Il se disait que peut-être cet acquéreur s’était présenté, et il était décidé à aller s’en assurer, pensant qu’une fois dans le pays, il tirerait toujours quelque chose de ce château, qui, certes, dans le temps, avait coûté à bâtir plus de 100,000 livres.

Trois jours plus tard, par une belle soirée d’octobre, il arrivait à Tarascon, où il s’assurait que le château était encore sa propriété, et le lendemain, de très-bonne heure, il prenait, à pied, la route de Clameran.

Comme tout était changé, depuis vingt-cinq ans qu’il avait quitté la maison paternelle !

C’est à peine s’il se reconnaissait dans ce pays où il était né, le long de cette route si souvent parcourue dans son adolescence.
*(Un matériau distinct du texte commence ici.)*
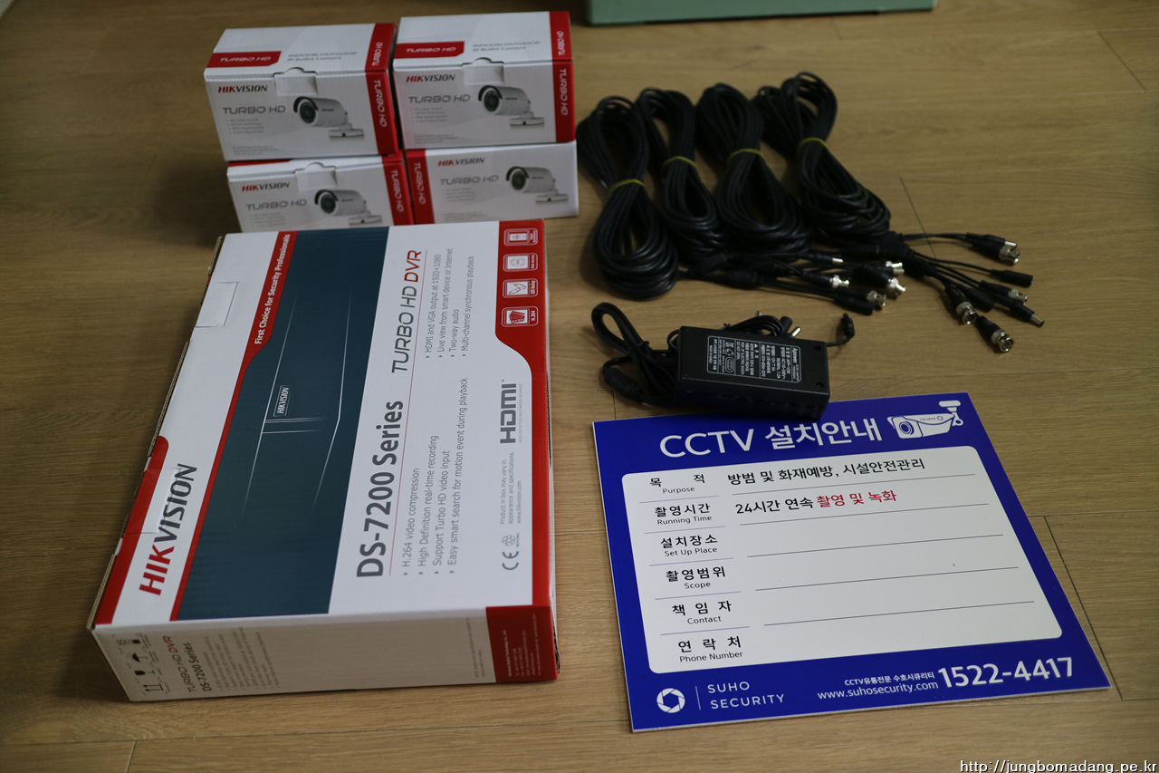 DVR(녹화기) 본체, 카메라 4대, 전원&데이터 케이블 4세트, 전원 어댑터(녹화기,카메라), CCTV설치안내판

Cependant l’impression fut si forte, sur cet homme éprouvé par tant et de si étranges aventures, qu’un moment il eut la pensée de rebrousser chemin.

S’il continua, c’est qu’une voix secrète et pleine d’espérances lui criait : « En avant ! en avant !… » comme s’il eût dû trouver au bout de la route une vie nouvelle et cette fortune tant enviée.

À mesure cependant que Louis avançait dans la campagne, les changements survenus lui paraissaient moins frappants ; il retrouvait son pays.

Bientôt, à travers les arbres, il distingua le clocher du village de Clameran, puis le village lui-même, assis sur la pente douce d’un coteau couronné d’oliviers.

Il reconnut les premières maisons : le hangar du maréchal-ferrant avec sa vigne courant le long du toit, le presbytère, et plus loin l’auberge où, autrefois avec son frère Gaston, il venait pousser les billes sur l’immense billard à blouses larges comme des hottes.

En dépit de ce qu’il nommait son dédain des préjugés vulgaires, une émotion indéfinissable lui serrait le cœur.